**Exercise directions**: The lines to return run from the one containing "Hofmann-Göttig respektiert Wählervotum" through the end of the material; give them exactly and leave out the pictures.

**Supplied information**:

- - -

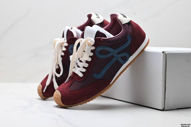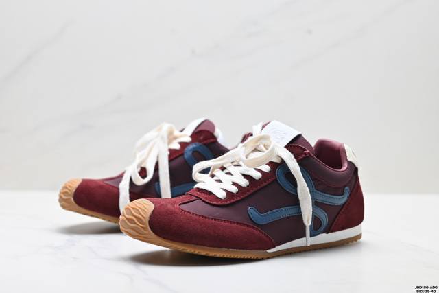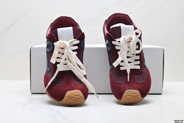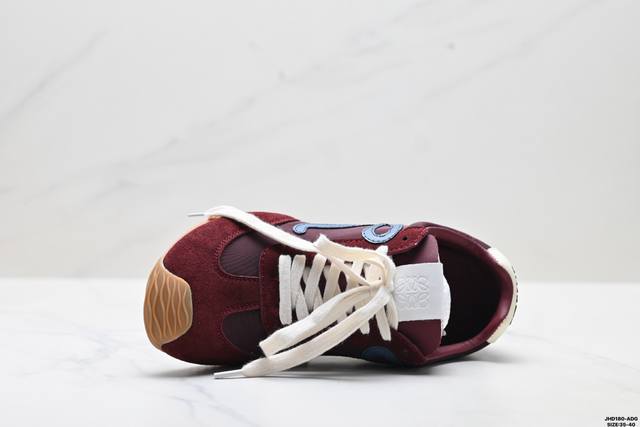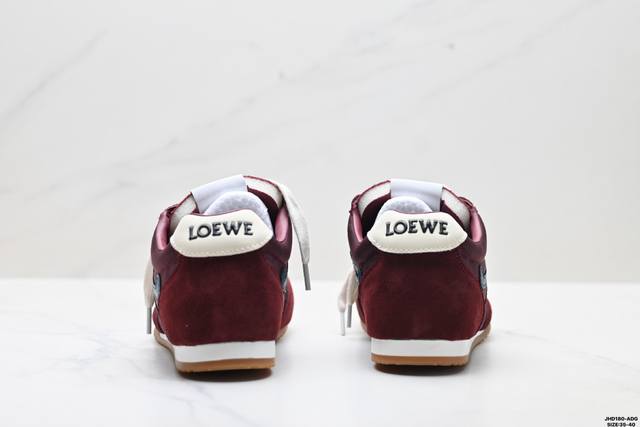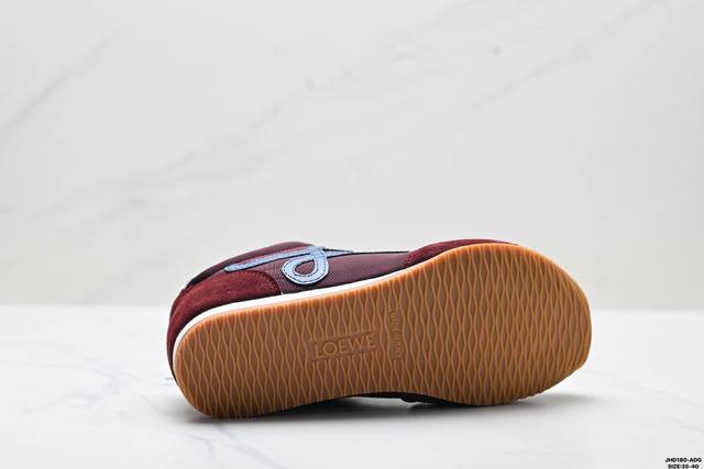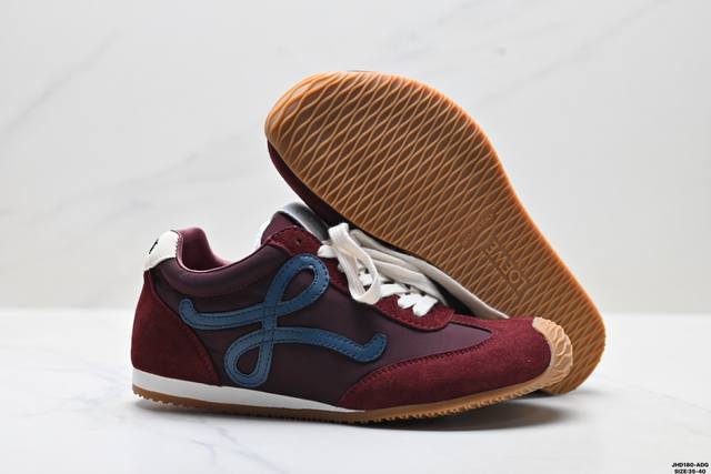 Company Grade Loewe Ballet Runner 2.0 Sneakers Series, Retro Style, German Training, Thin Sole, Versatile Casual Sports Shoes. Made in Guangdong, genuine original factory, asymmetrical toe design, sock-like internal structure, lightweight rubber outsole extending to the toe , heel label adorned with injection-molded rubber Loewe logo. Max Recommended Version, upgraded original last, paper pattern development, fully handmade lasting process, suede cowhide leather with layered leather trim, original high-density scratch-resistant nylon upper material, excellent softness, double-layer latex cushioning insole, lightweight EVA cushioning combination rubber anti-slip outsole. Sizes: 35-40. ID: J hd180-Adg.
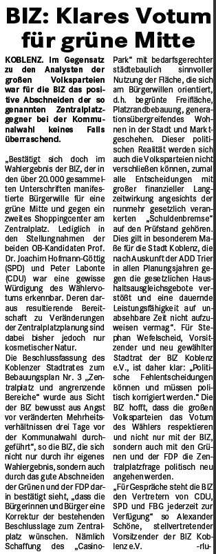 Hofmann-Göttig respektiert Wählervotum bei Kommunalwahl für BIZ
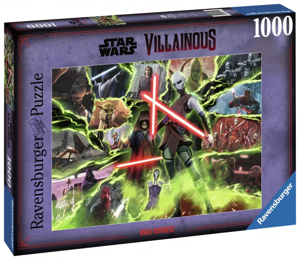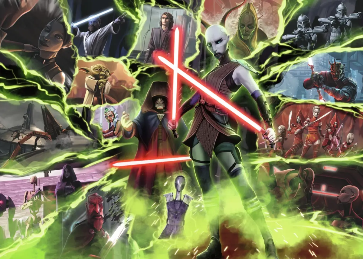 I det här motivet står Ventress i centrum med sina dubbla lasersablar. I bakgrunden bland gröna blixtar hittar vi kända tecknade karaktärer från Star Wars.
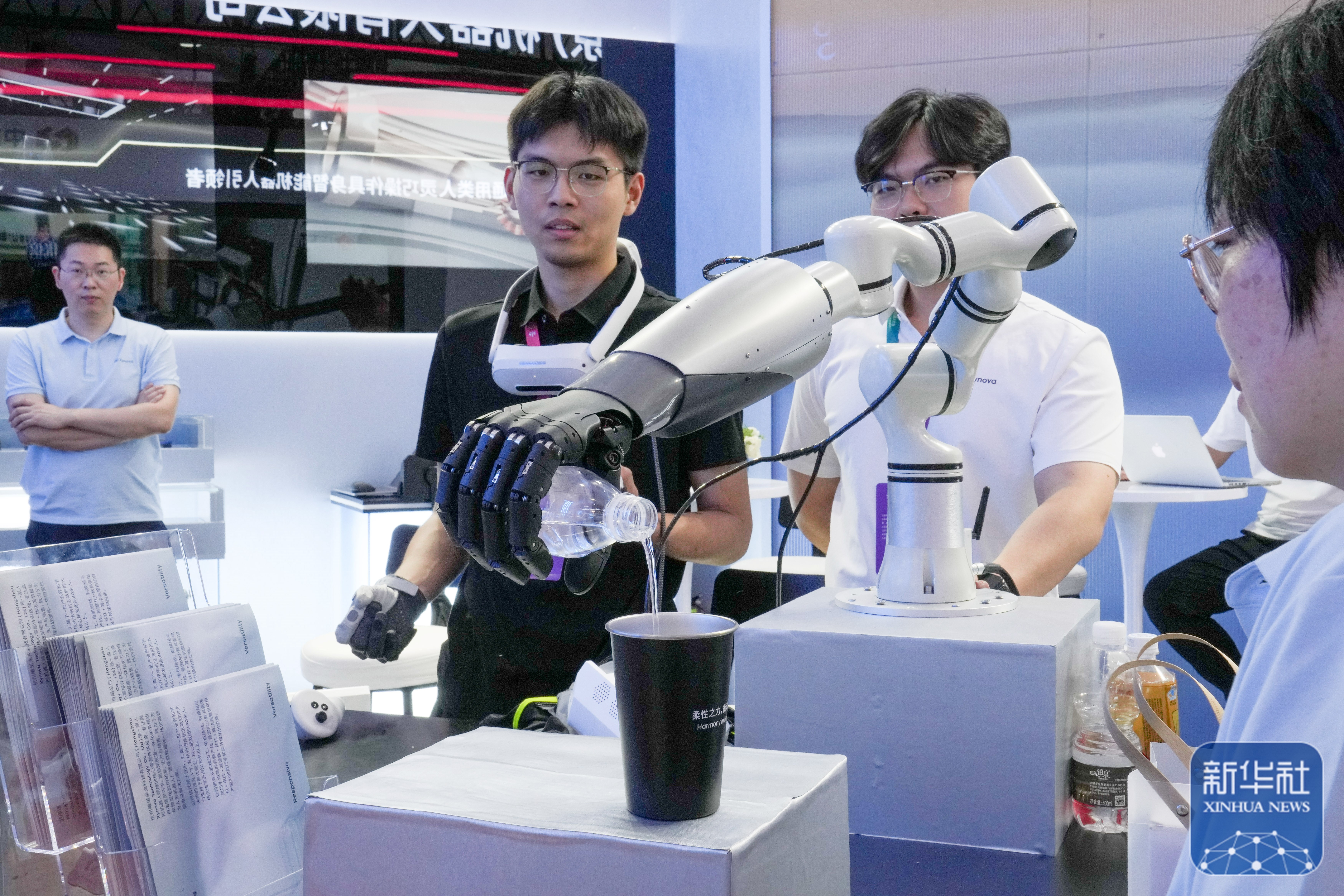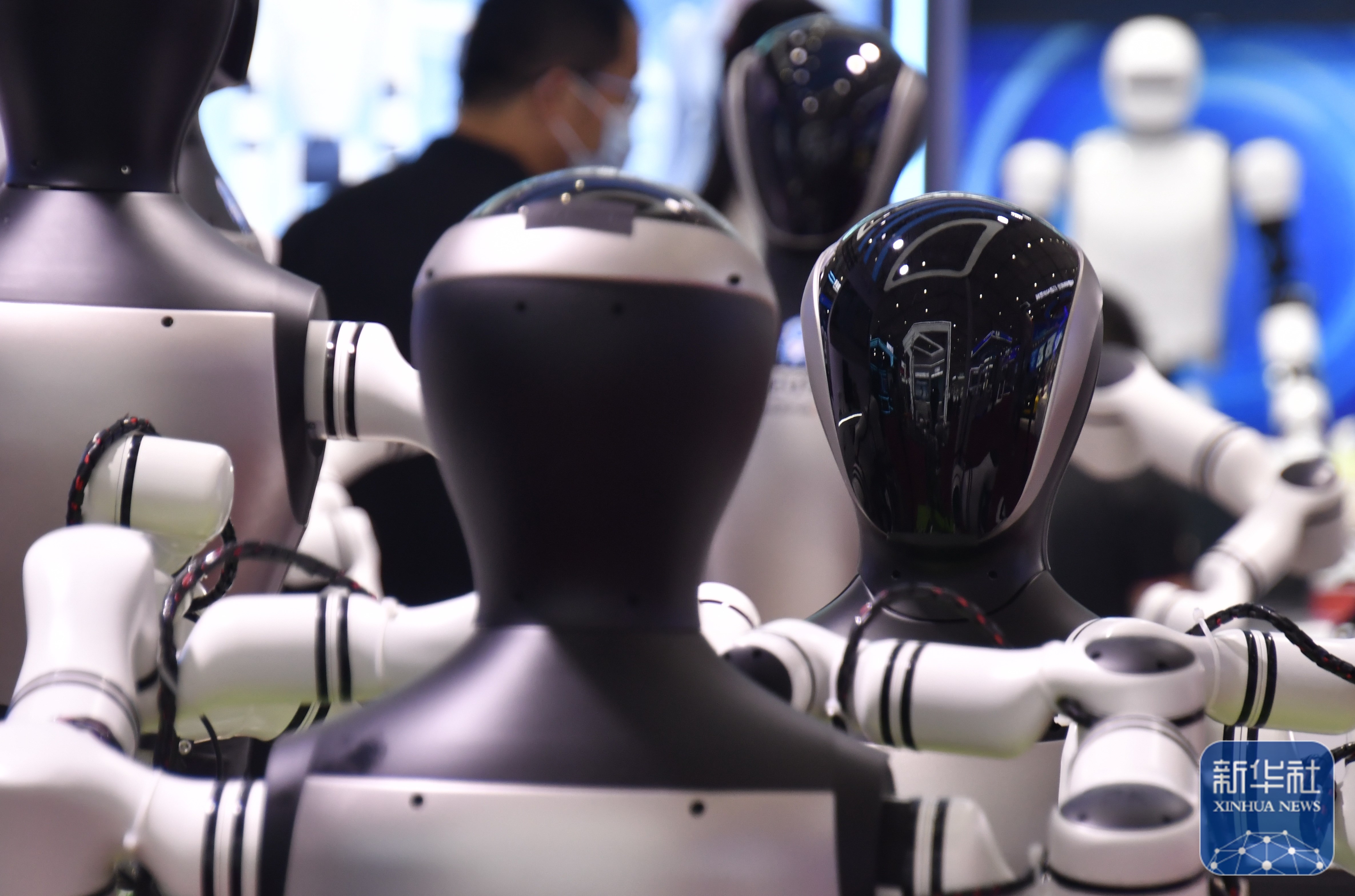 ↑ 2025世界机器人大会展馆内展出的机器人(8月8日摄)。

- - -

**Answer to this problem**:
 Hofmann-Göttig respektiert Wählervotum bei Kommunalwahl für BIZ
 I det här motivet står Ventress i centrum med sina dubbla lasersablar. I bakgrunden bland gröna blixtar hittar vi kända tecknade karaktärer från Star Wars.
 ↑ 2025世界机器人大会展馆内展出的机器人(8月8日摄)。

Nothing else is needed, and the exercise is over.